The vagaries of the Pashtu code of honour, the Pukhtunwali, saved both the author from death, and Osama from being handed over to the Saudis.  As a consequence the Americans unleashed the onslaught that secured the first, but temporary, defeat of the Taliban, finally forcing its leadership into Pakistan with the terrifying consequences that we are now facing.

The "Blow Back" from American policy that fuelled, at enormous cost, the Mujahideen resistance to the Soviets - resistance that the same people using the same weapons have now turned against the Coalition. The activities of Congressman Charlie Wilson, his ladies, Snowflake and Sweetums, and his aristocratic British shadow, Viscount Cranborne, are a curious interlude in the story.   

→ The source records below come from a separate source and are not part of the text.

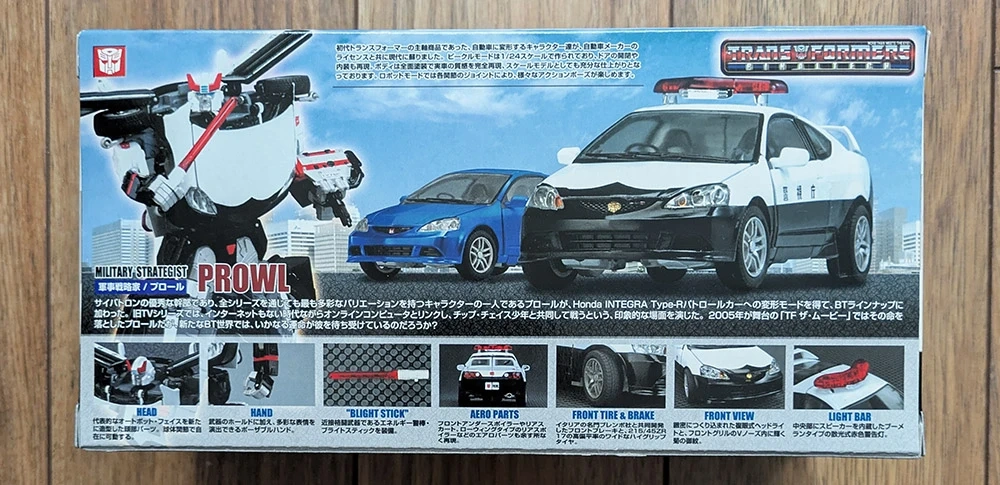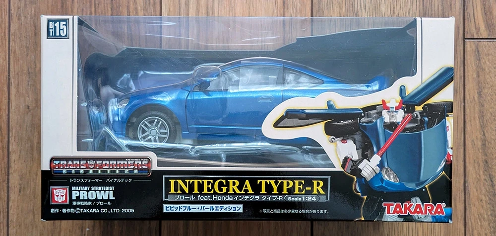 "Prowl", BT-15, from the Transformers Binaltech line, brand new, factory sealed. Modelled after a blue Honda Integra Type-R in 1:24 scale.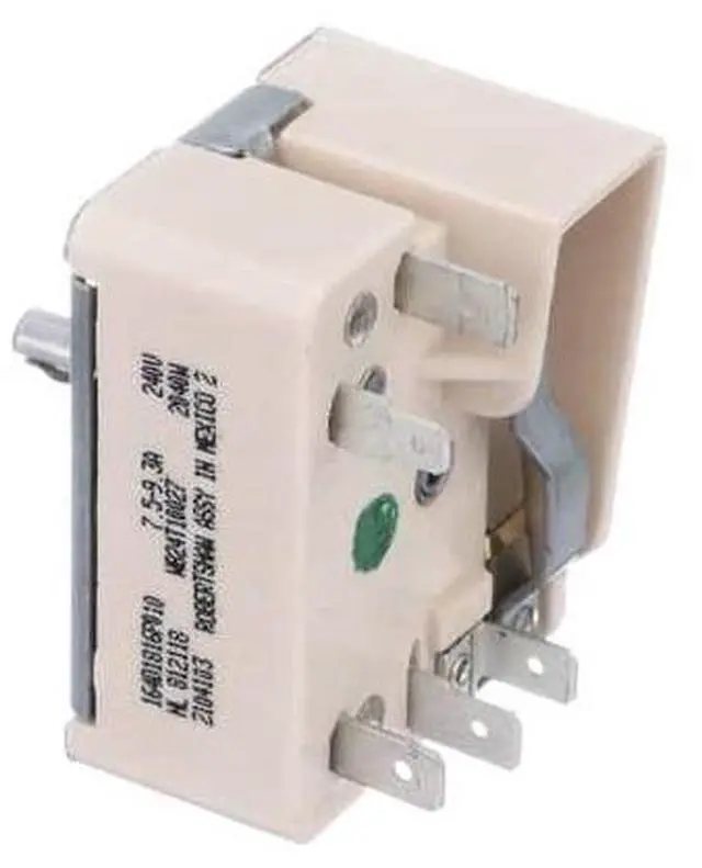 WB24T10027 2100W Infinite Switch for GE Range/Oven regulates heat levels for precise cooking control. It adjusts electrical resistance to modify the burners temperature. The switch cycles power on and off, maintaining consistent heat output up to 2100W.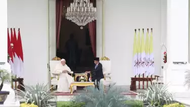 Pantauan tvOnenews.com, Paus Fransiskus duduk bersebelahan dengan Presiden Jokowi sambil menyaksikan defile pasukan di halaman Istana Merdeka.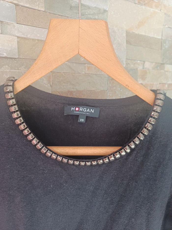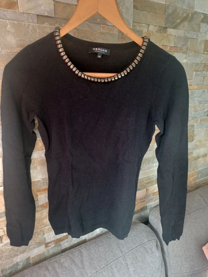 Pull morgan noir encolure ronde avec bijoux argenté taille xs porte 2 fois. Taille xs.
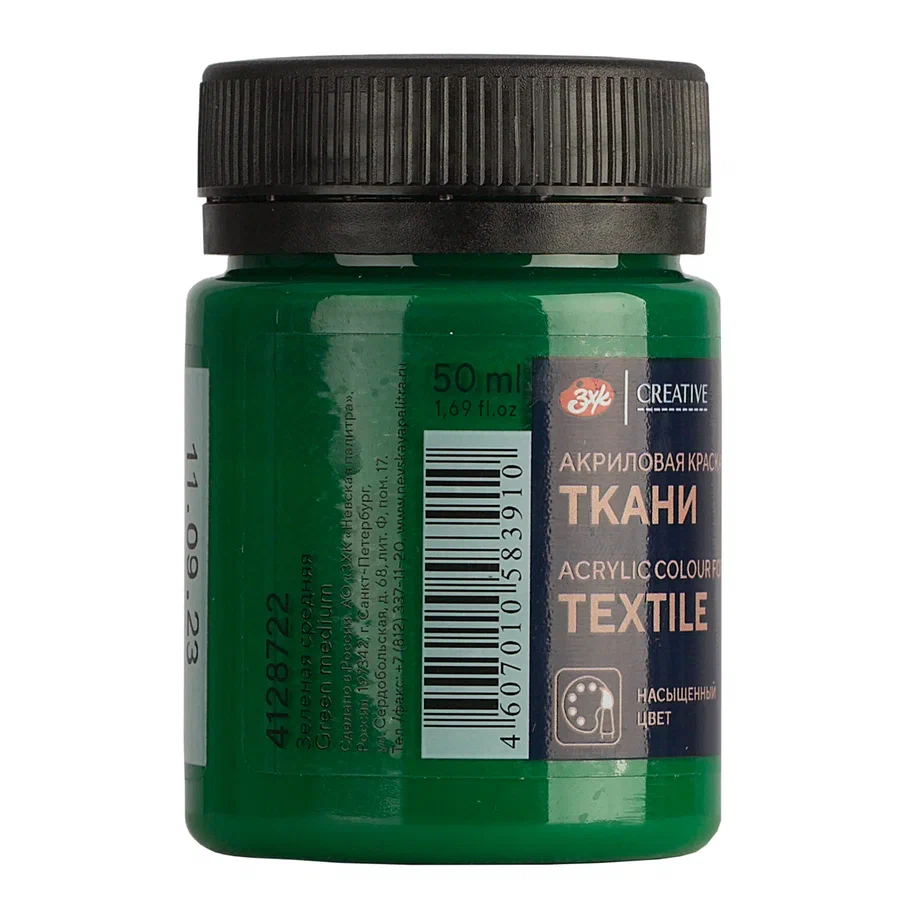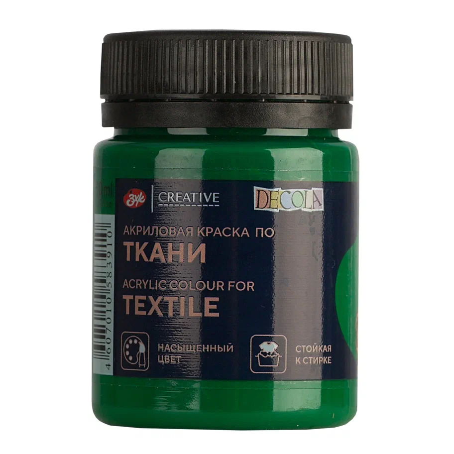 Краска акриловая по ткани DECOLA банка 50 мл, 722 Зеленая средняя NP-4128722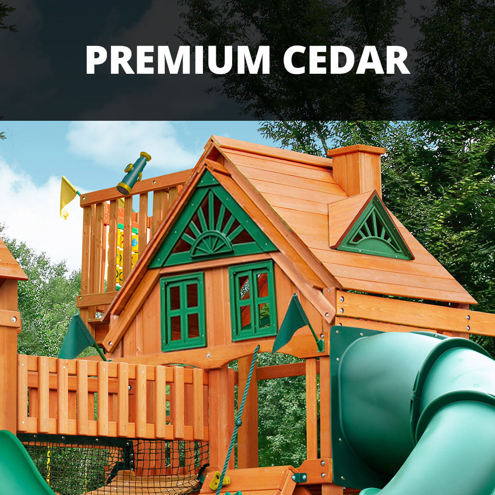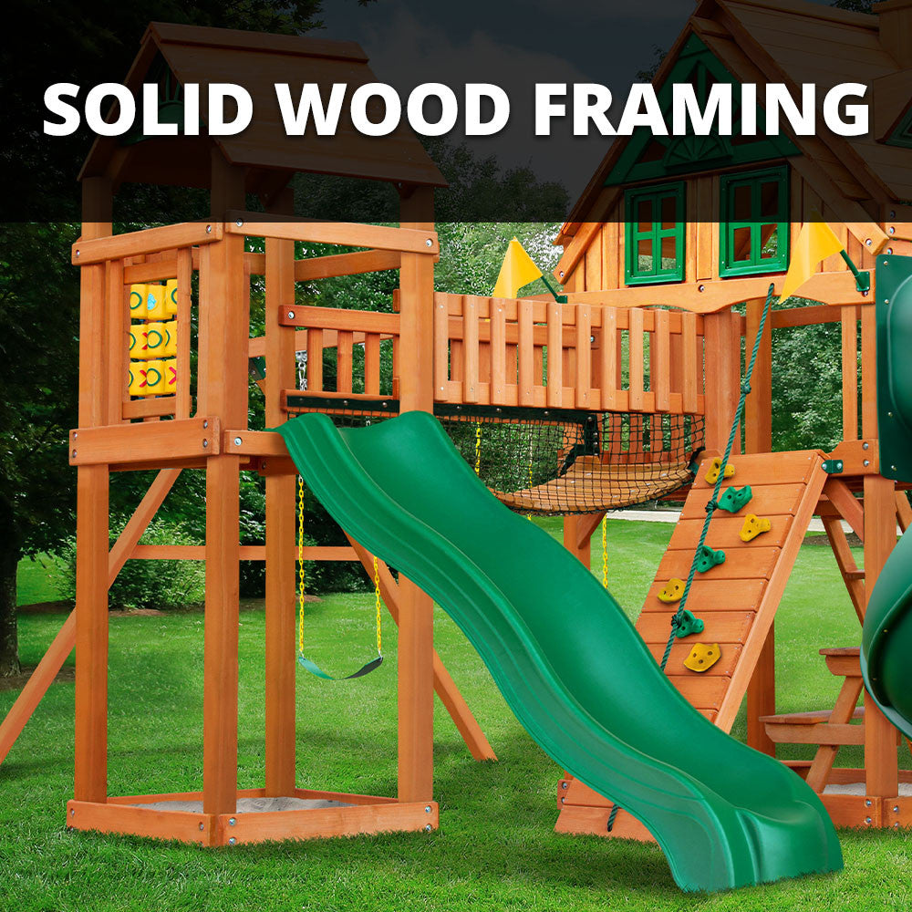 Deluxe Cedar Wooden Swing Set with Double Slides, Rock Wall & Playhouse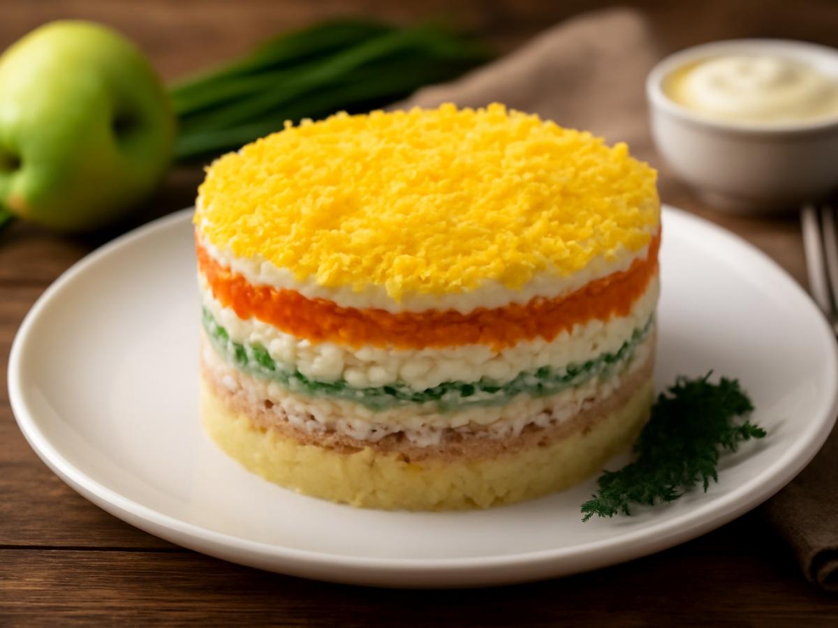 Салат "Мимоза" — одно из тех блюд, без которых невозможно представить праздничный стол. Его готовят на Новый год, дни рождения, юбилеи и просто для уютных домашних ужинов. Классический вариант остаётся неизменным на протяжении десятилетий: нежные слои рыбы, овощей и яиц под майонезом превращаются в воздушный, сбалансированный по вкусу салат. Название отражает внешний вид — желтые крошки желтков действительно напоминают весенние цветы мимозы на фоне белоснежного снега. Основная идея блюда Мимоза — это салат-слоёнка. В основе — рыбные консервы, чаще всего сайра, сардина или горбуша. Рыбу выкладывают первым слоем и слегка разминают вилкой, чтобы получить ровную основу. Далее идут овощи и яйца, натертые на мелкой тёрке, каждый слой промазывается тонким слоем майонеза. Итог — нежная, чуть сладковатая структура, в которой каждый ингредиент дополняет другой. Традиционно Мимозу сравнивают с "Оливье" и "Селёдкой под шубой": все три блюда — символы русской кухни и неизменные участники зимних праздников. Однако Мимоза выигрывает своей лёгкостью и текстурой — она не утяжеляет стол и подходит даже для вечернего меню.

America's soi-disant allies constantly undermine the war against Jihadism and the Taliban.   Strategic depth is the permanent objective of the Pakistani intelligence agencies, via Kashmir, against India (as the late President Zia put it, Muslims have a right to lie in a good cause).   The Saudis continue to disseminate Sunni Wahabi fundamentalism through the Madrassahs - the religious schools in both Afghanistan and Pakistan.

There is the permanent presence of neighbouring players, powers who could be natural allies against Sunni extremist Taliban: Iran, disqualified till now by allied attitudes and India, alienated by the dispute with Pakistan over Kashmir. Russia is still in the Great Game, exercising influence by allowing or disallowing supply lines for NATO to cross its territory to compensate for the insecurity of Peshawar and the Khyber Pass.  The latter is now as dangerous to use for the Coalition as was the Bolan Pass forthe British in 1840.

Even the logistics of today's invaders echo the chaos of earlier wars.  The lack of proper equipment and transport and the elephants that proved as hamstrung as Soviet tanks or Land Rovers sent into battle fitted with only four out of five wheel nuts.

Underestimation of the Afghans and invaders' delusions of victory run like a thread of blood through the history of wars in Afghanistan.   In 1842 Afghanistan was abandoned by Lord Ellenborough, since the last campaign had established "the supremacy of British power".   The Russians assumed that the Mujahideen would throw down their arms when faced by the might of the Soviet army.  President Bush proclaimed in 2004 that "the Taliban no longer exists in Afghanistan".

It seems, as David Loyn notes, that Afghanistan's conservative and tribal society defeats not only foreign forces, but also foreign ideas. President Obama has begun to talk of an "exit strategy".  But he and the Coalition still have to answer the question put as long ago as 1838 by the Khan of Khalat: "You have brought an army into the country, but how do you propose to take it out?"